** Opening Source data block **

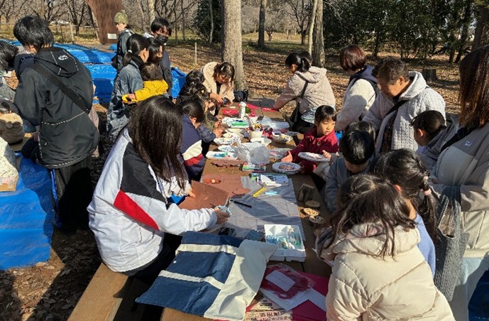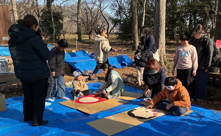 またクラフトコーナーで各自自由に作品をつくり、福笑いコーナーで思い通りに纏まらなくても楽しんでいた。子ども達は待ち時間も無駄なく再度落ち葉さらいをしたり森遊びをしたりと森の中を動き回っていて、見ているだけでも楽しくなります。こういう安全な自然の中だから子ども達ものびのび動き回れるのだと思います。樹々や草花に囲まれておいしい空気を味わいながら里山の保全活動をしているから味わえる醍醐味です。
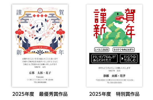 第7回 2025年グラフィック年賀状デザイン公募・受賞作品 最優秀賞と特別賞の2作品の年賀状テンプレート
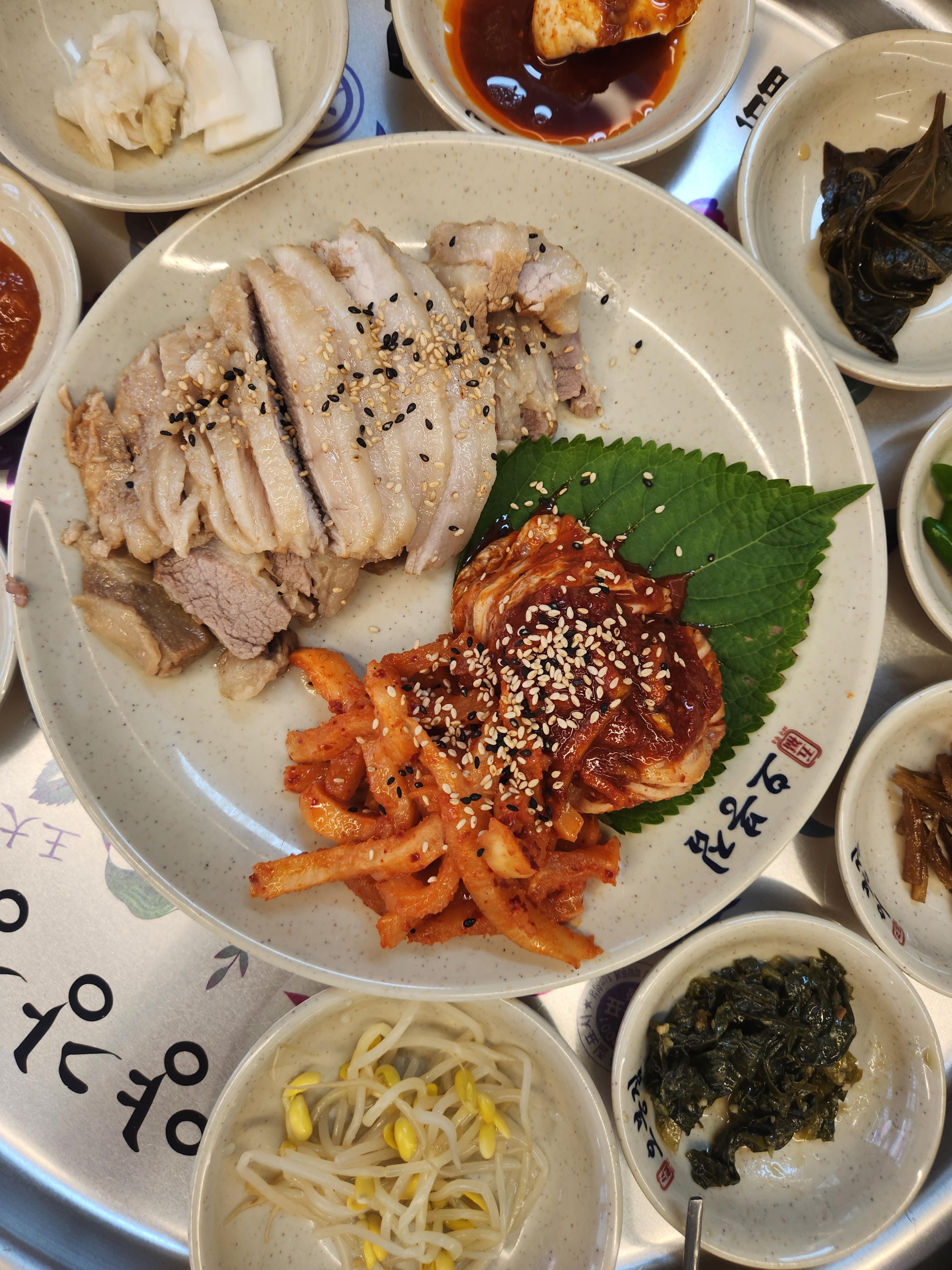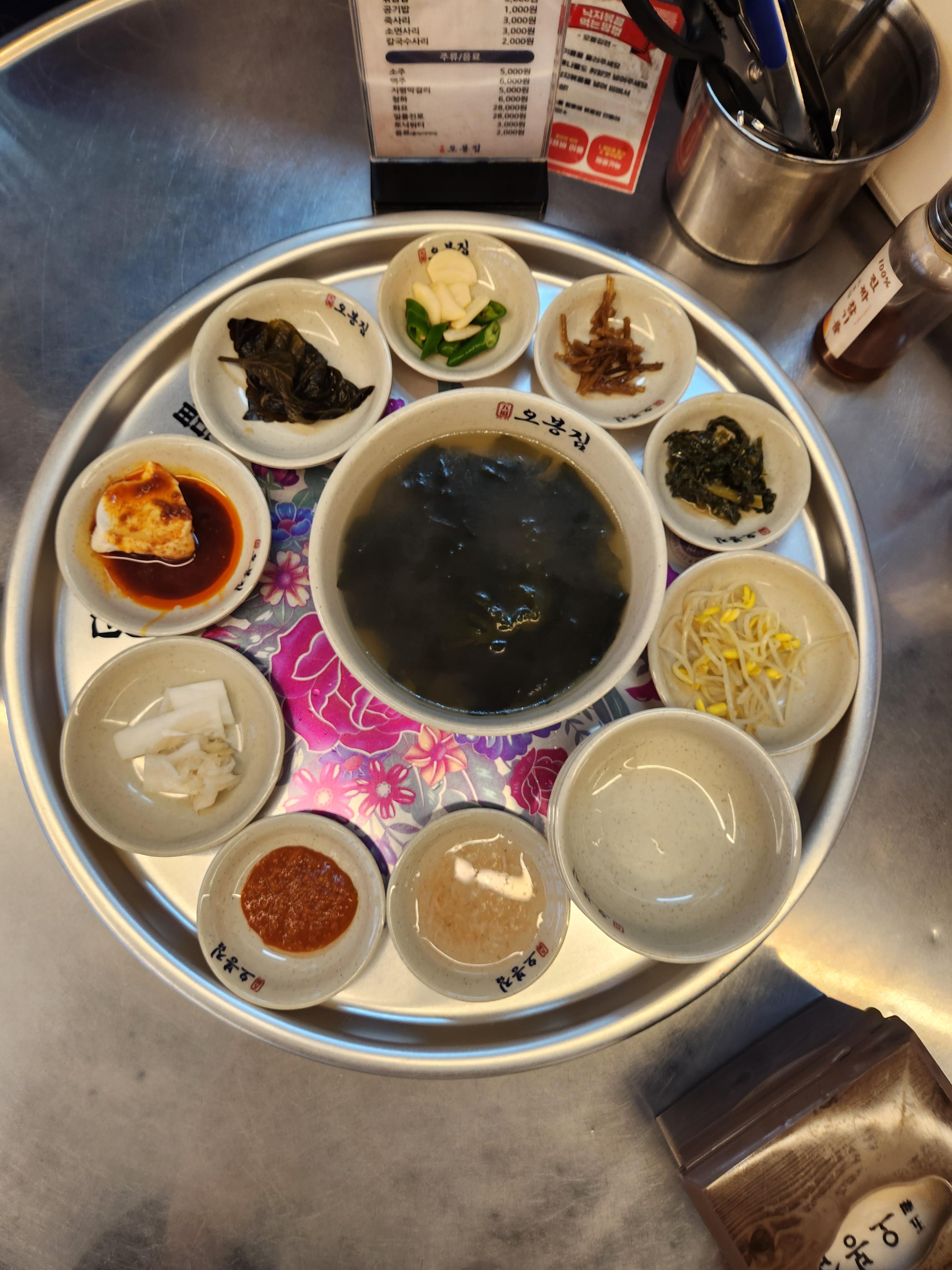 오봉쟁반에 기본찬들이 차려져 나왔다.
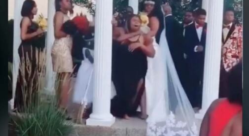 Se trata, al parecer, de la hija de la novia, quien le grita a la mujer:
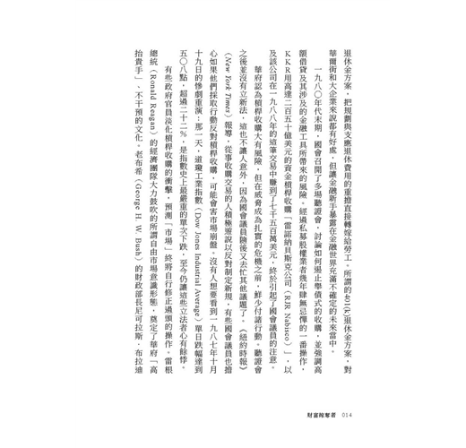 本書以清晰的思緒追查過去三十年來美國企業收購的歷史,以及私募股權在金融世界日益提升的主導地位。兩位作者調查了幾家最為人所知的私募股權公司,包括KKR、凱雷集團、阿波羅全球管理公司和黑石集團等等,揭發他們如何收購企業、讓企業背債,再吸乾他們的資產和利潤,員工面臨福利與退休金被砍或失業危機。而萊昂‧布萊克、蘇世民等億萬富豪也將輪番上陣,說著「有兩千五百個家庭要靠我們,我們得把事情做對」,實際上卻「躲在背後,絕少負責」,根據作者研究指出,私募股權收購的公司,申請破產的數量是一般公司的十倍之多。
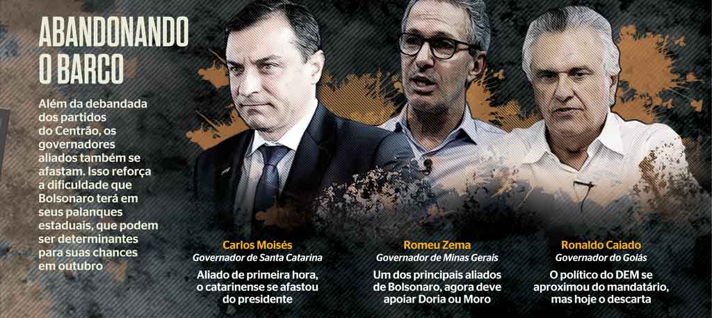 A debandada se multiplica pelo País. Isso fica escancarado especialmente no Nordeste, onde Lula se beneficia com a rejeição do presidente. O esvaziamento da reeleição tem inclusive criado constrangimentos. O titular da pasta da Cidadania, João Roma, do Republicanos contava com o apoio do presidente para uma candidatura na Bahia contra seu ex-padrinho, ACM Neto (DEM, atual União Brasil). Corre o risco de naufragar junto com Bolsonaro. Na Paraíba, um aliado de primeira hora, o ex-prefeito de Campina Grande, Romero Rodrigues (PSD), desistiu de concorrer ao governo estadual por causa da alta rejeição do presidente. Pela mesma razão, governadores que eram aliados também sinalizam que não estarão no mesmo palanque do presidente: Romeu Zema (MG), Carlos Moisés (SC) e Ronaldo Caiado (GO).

** Closing Source data block **

#### The task:
Exact duplicates of all the entries are required, and no image may appear in them.

#### Reply:
 またクラフトコーナーで各自自由に作品をつくり、福笑いコーナーで思い通りに纏まらなくても楽しんでいた。子ども達は待ち時間も無駄なく再度落ち葉さらいをしたり森遊びをしたりと森の中を動き回っていて、見ているだけでも楽しくなります。こういう安全な自然の中だから子ども達ものびのび動き回れるのだと思います。樹々や草花に囲まれておいしい空気を味わいながら里山の保全活動をしているから味わえる醍醐味です。
 第7回 2025年グラフィック年賀状デザイン公募・受賞作品 最優秀賞と特別賞の2作品の年賀状テンプレート
 오봉쟁반에 기본찬들이 차려져 나왔다.
 Se trata, al parecer, de la hija de la novia, quien le grita a la mujer:
 本書以清晰的思緒追查過去三十年來美國企業收購的歷史,以及私募股權在金融世界日益提升的主導地位。兩位作者調查了幾家最為人所知的私募股權公司,包括KKR、凱雷集團、阿波羅全球管理公司和黑石集團等等,揭發他們如何收購企業、讓企業背債,再吸乾他們的資產和利潤,員工面臨福利與退休金被砍或失業危機。而萊昂‧布萊克、蘇世民等億萬富豪也將輪番上陣,說著「有兩千五百個家庭要靠我們,我們得把事情做對」,實際上卻「躲在背後,絕少負責」,根據作者研究指出,私募股權收購的公司,申請破產的數量是一般公司的十倍之多。
 A debandada se multiplica pelo País. Isso fica escancarado especialmente no Nordeste, onde Lula se beneficia com a rejeição do presidente. O esvaziamento da reeleição tem inclusive criado constrangimentos. O titular da pasta da Cidadania, João Roma, do Republicanos contava com o apoio do presidente para uma candidatura na Bahia contra seu ex-padrinho, ACM Neto (DEM, atual União Brasil). Corre o risco de naufragar junto com Bolsonaro. Na Paraíba, um aliado de primeira hora, o ex-prefeito de Campina Grande, Romero Rodrigues (PSD), desistiu de concorrer ao governo estadual por causa da alta rejeição do presidente. Pela mesma razão, governadores que eram aliados também sinalizam que não estarão no mesmo palanque do presidente: Romeu Zema (MG), Carlos Moisés (SC) e Ronaldo Caiado (GO).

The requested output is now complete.